In addition to the direct communication over PC5, C-V2X also allows the C-V2X device to use the cellular network connection in the traditional manner over the Uu interface. Uu refers to the logical interface between the UE and the base station. This is generally referred to as vehicle-to-network (V2N), the mechanism that enables conventional telematics services. V2N is a unique use case for C-V2X and does not exist in 802.11p-based V2X, since the latter supports only direct communication.

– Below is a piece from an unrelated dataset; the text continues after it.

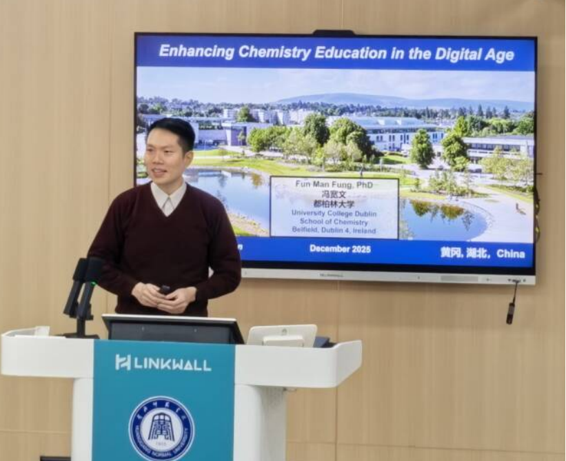 12月28日上午,爱尔兰都柏林大学冯宽文(Fun Man Fung)博士应邀来我校,做了一场题为“Enhancing Chemistry Education in the Digital Age”学术讲座。讲座由韦德官方网站副院长蒋小春主持,武汉轻工大学化学与环境工程学院院长闫俊涛教授、南京工业大学柔性电子(未来技术)学院副研究员吴健生博士作为特邀嘉宾出席。韦德官方网站全体专任教师、学科教学(化学)方向的教育硕士研究生及2022级、2023级化学专业学生共同参加了本次活动。

However, as with WLAN-based V2X, in C-V2X, two communication radios are required to communicate simultaneously via a PC5 interface with nearby stations and via the UU interface with the network.

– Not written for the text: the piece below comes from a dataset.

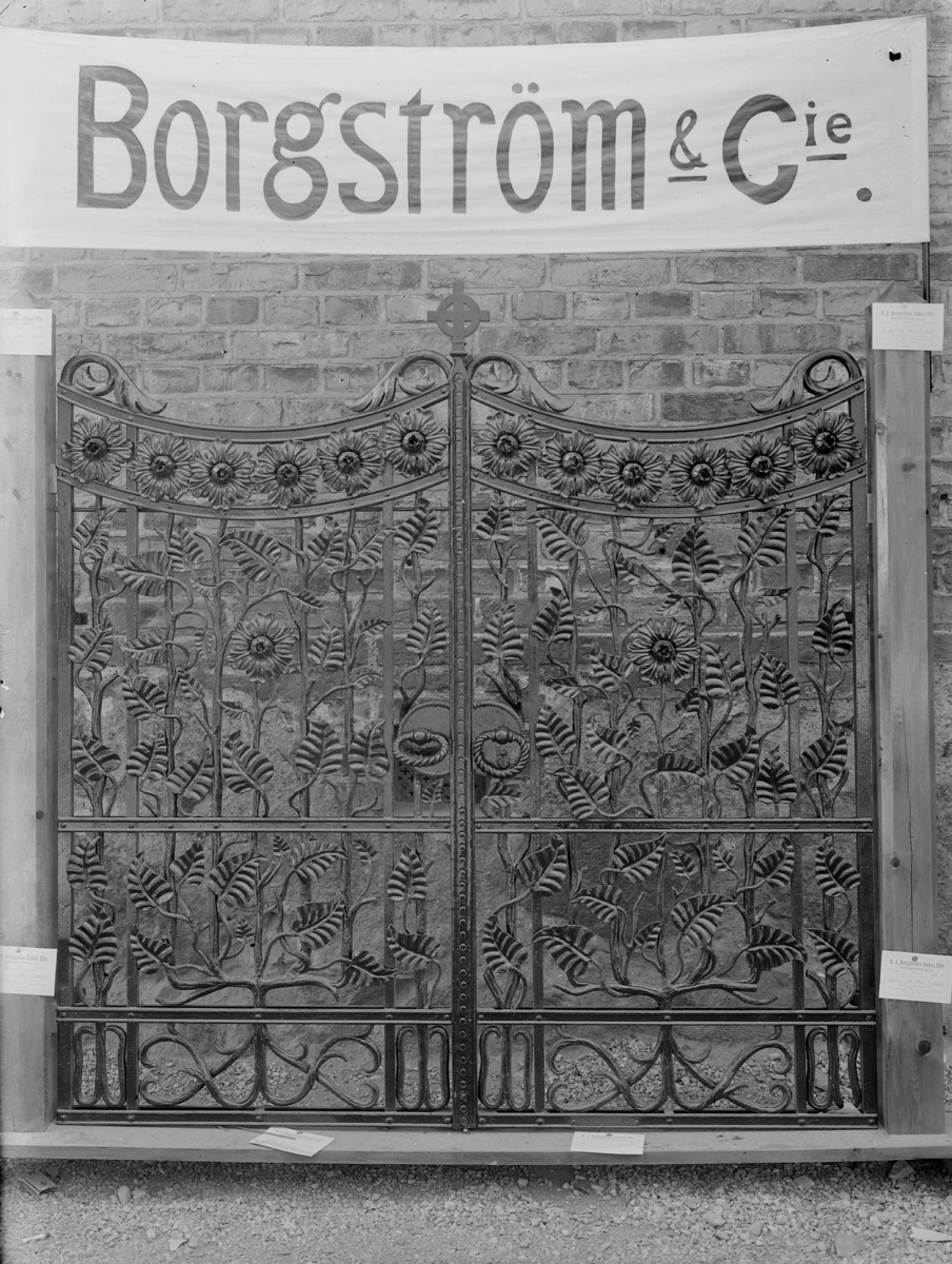 Borgström & Cie. Smidd grind med blommönster, grinden krönt av ett kors. Utställningsplåtar 1925

While 3GPP defines the data transport features that enable V2X, it does not include V2X semantic content; instead, it proposes using ITS-G5 standards such as CAM, DENM, and BSM over 3GPP V2X data transport features.

== Use cases ==

Through its instant communication, V2X enables road safety applications such as (non-exhaustive list):

- Forward collision warning
- Lane change warning/blind spot warning
- Emergency electric brake light warning
- Optimal speed advisory (through traffic lights)
- Emergency vehicle approaching
- Roadworks warning
- Platooning
- Fleet management: Utilizing V2N communication for telematics applications such as remote vehicle diagnostics, fleet management software, track and trace of assets, and communication with a central dispatch platform.
- Energy efficient intersection control
- Prevention of red light running

In June 2024 the U.S. Department of Transportation announced that it is awarding $60 million in grants to advance connected and interoperable vehicle technologies under a program called "Saving Lives with Connectivity: Accelerating V2X Deployment program". It said the grants to recipients in Arizona, Texas and Utah would serve as national models to accelerate and spur new deployments of V2X technologies. European standardisation body ETSI and SAE published standards on what they see as use cases. Early use cases focus on road safety and efficiency. Organizations such as 3GPP and 5GAA continuously introduce and test new cases. The 5GAA has published several roadmaps which highlight the technical potential and challenges of new use cases. Some use cases address high levels of automation.

C-V2X offers further use cases including slippery road, roadworks and road hazard information to cars and trucks over hills, around curves and over longer distances than is possible with direct communications. Volvo, for example, has sold new cars that warn other Volvos of slippery roads ahead using C-V2X communications since 2016 in Denmark, and has announced plans to complement that with general accident-ahead warnings and offer the same functionality in other European markets over time.

In the medium term, V2X is perceived as a key enabler for autonomous driving, assuming it would be allowed to intervene into the actual driving. In that case, vehicles would be able to join platoons the way HGVs do. With the advent of connected and autonomous mobility, V2X discussions are seen to play an important role, especially in the context of teleoperations for autonomous vehicles and platooning

Hobbyists have documented open source projects capturing V2X packets or plotting passing vehicle speeds.

== Standardisation history ==

===IEEE 802.11p===

WLAN-based V2X communication is based on a set of standards drafted by the American Society for Testing and Materials (ASTM). The ASTM E 2213 series of standards looks at wireless communication for high-speed information exchange between vehicles themselves as well as road infrastructure. The first standard of this series was published 2002. Here the acronym Wireless Access in Vehicular Environments (WAVE) was first used for V2X communication.

From 2004 onwards the Institute of Electrical and Electronics Engineers (IEEE) started to work on wireless access for vehicles under the umbrella of their standards family IEEE 802.11 for Wireless Local Area Networks (WLAN). Their initial standard for wireless communication for vehicles is known as IEEE 802.11p and is based on the work done by the ASTM. Later on in 2012 IEEE 802.11p was incorporated in IEEE 802.11.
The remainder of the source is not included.